DATA BELOW
▶
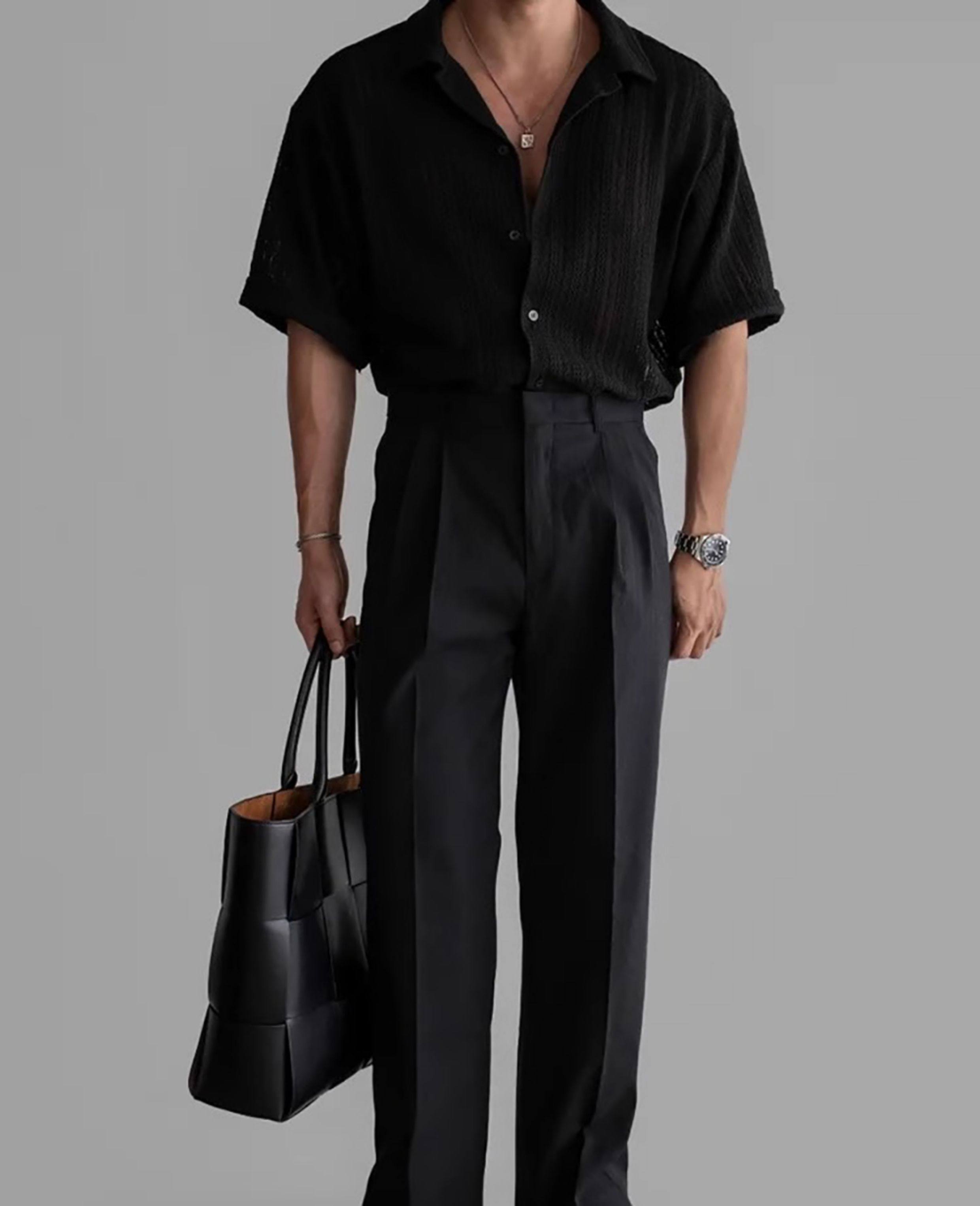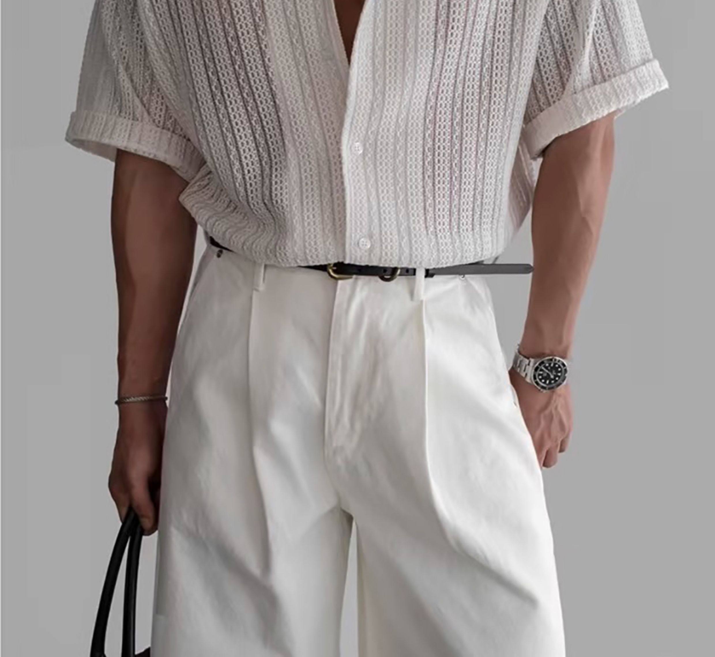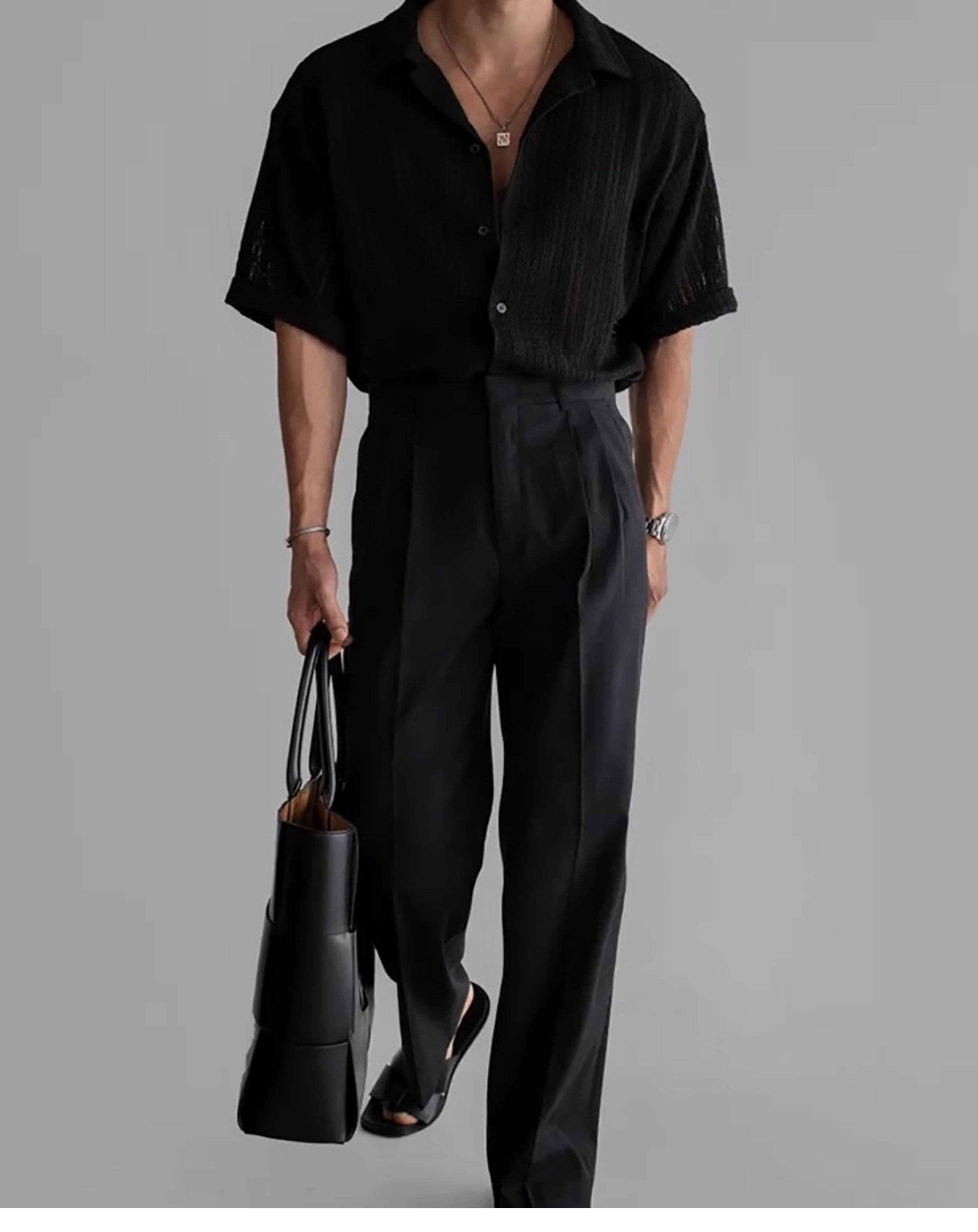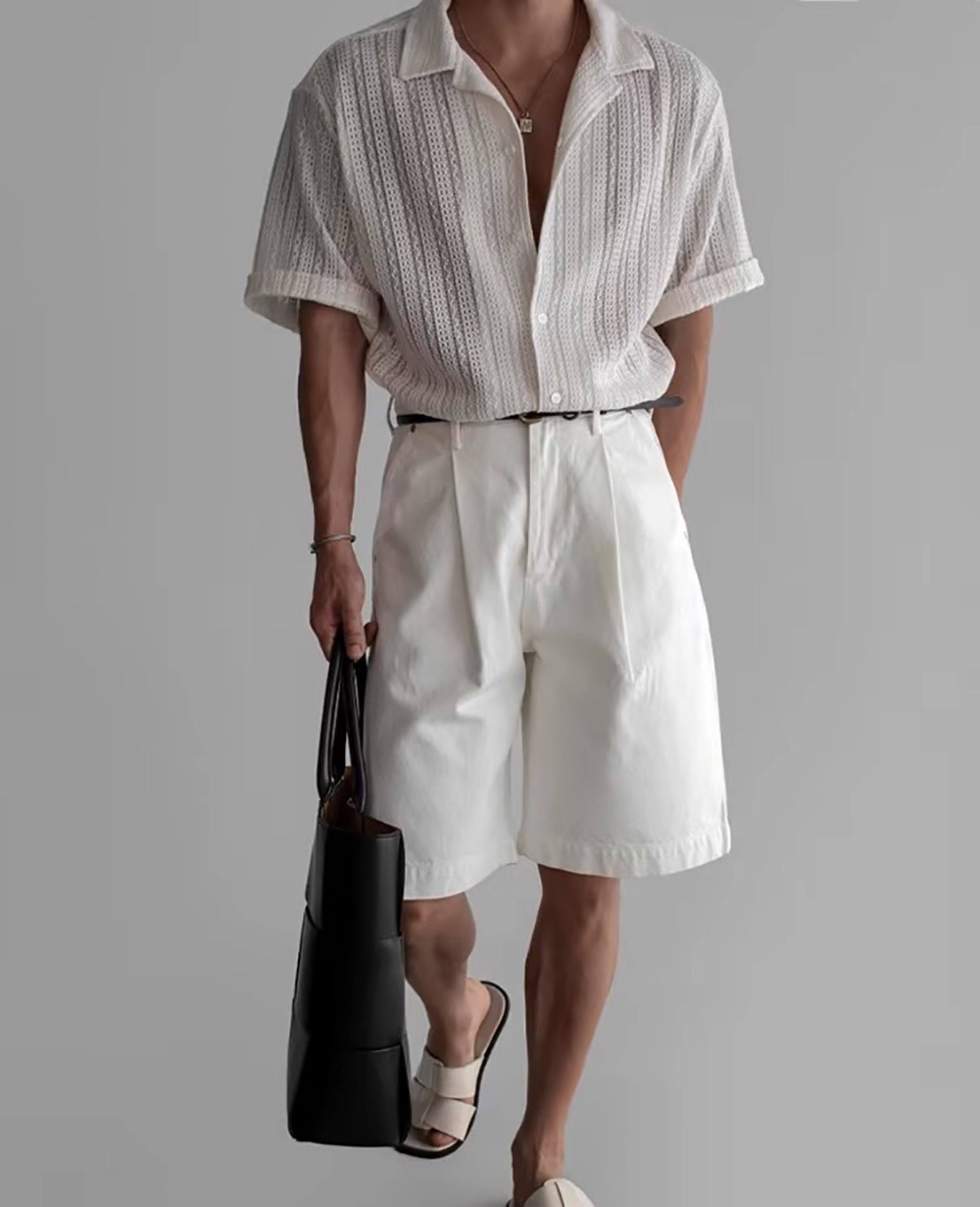 Old Money Style Cuban Collar Hollow Knit Short-Sleeved Shirt for Men, Summer Thin High-End Sun Protection Half-Sleeve Shirt Jacket
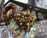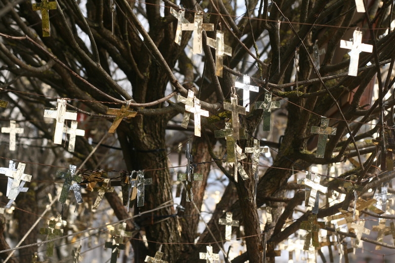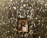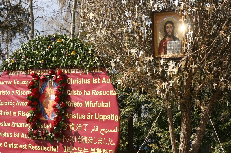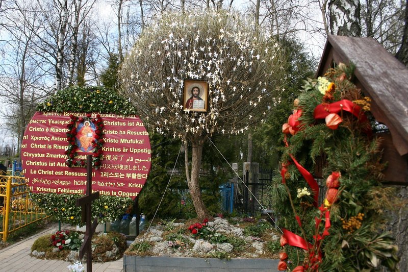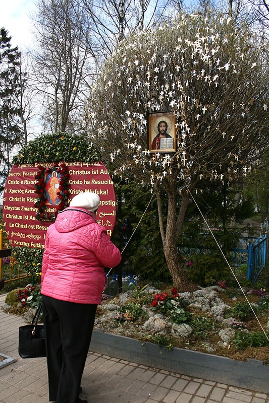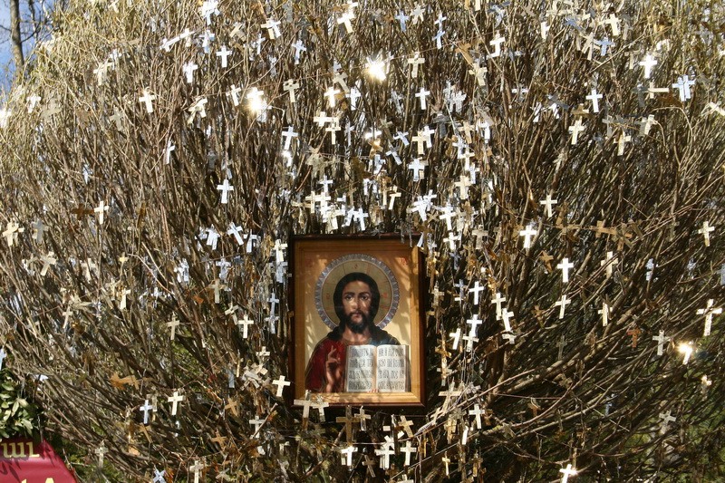 Так к Пасхе рядом с сенью появилось настоящее живое дерево с иконой Спасителя, украшенное сотней золотых крестиков.
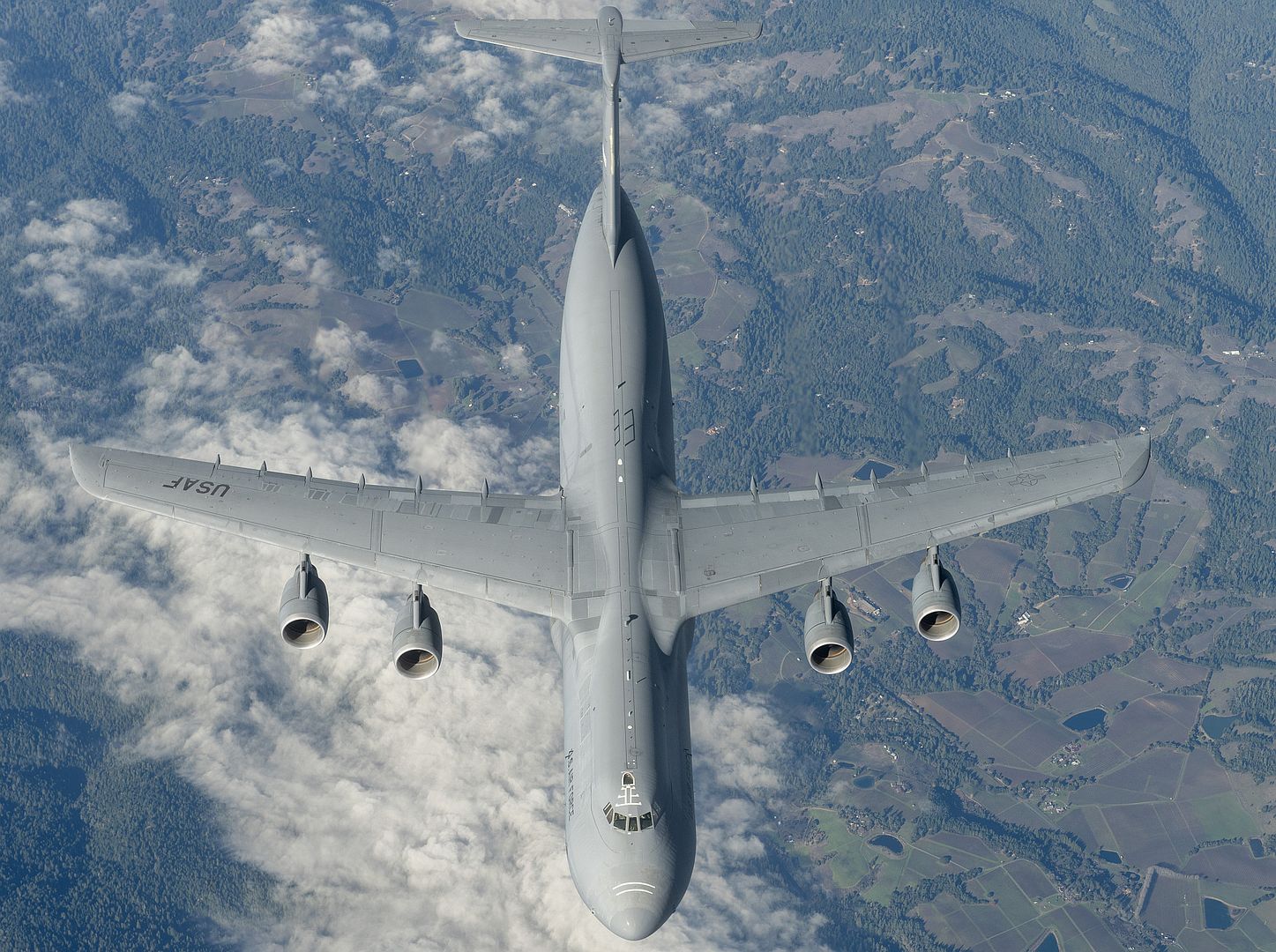 A C-5M Super Galaxy flies in an aerial refueling track over Northern California and Oregon, Dec. 12, 2023. A KC-10 supported the C-5M’s proof of concept testing in its ability to provide a tanker aircraft fuel in an emergency. (U.S. Air Force photo by Master Sgt. Traci Keller)
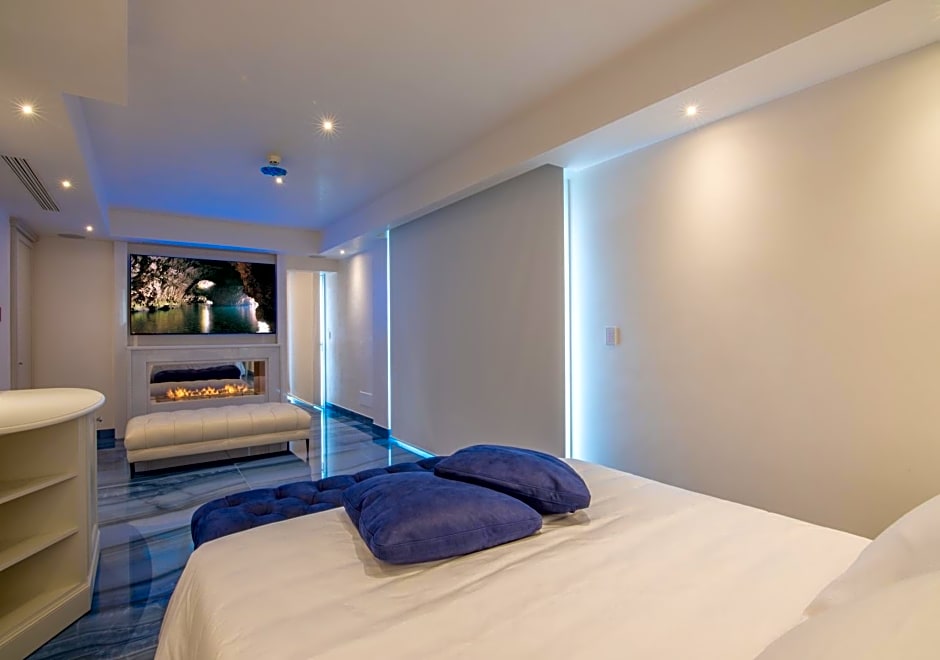 This suite offers a fireplace. Providing free toiletries and bathrobes, this suite includes a private bathroom with a walk-in shower, a bidet and a hairdryer. The air-conditioned suite provides a flat-screen TV with cable channels, soundproof walls, a mini-bar, a seating area as well as sea views. The unit offers 1 bed.
◀
Please restate the data word for word, leaving out any picture it holds.

TASK ANSWER
 Old Money Style Cuban Collar Hollow Knit Short-Sleeved Shirt for Men, Summer Thin High-End Sun Protection Half-Sleeve Shirt Jacket
 Так к Пасхе рядом с сенью появилось настоящее живое дерево с иконой Спасителя, украшенное сотней золотых крестиков.
 A C-5M Super Galaxy flies in an aerial refueling track over Northern California and Oregon, Dec. 12, 2023. A KC-10 supported the C-5M’s proof of concept testing in its ability to provide a tanker aircraft fuel in an emergency. (U.S. Air Force photo by Master Sgt. Traci Keller)
 This suite offers a fireplace. Providing free toiletries and bathrobes, this suite includes a private bathroom with a walk-in shower, a bidet and a hairdryer. The air-conditioned suite provides a flat-screen TV with cable channels, soundproof walls, a mini-bar, a seating area as well as sea views. The unit offers 1 bed.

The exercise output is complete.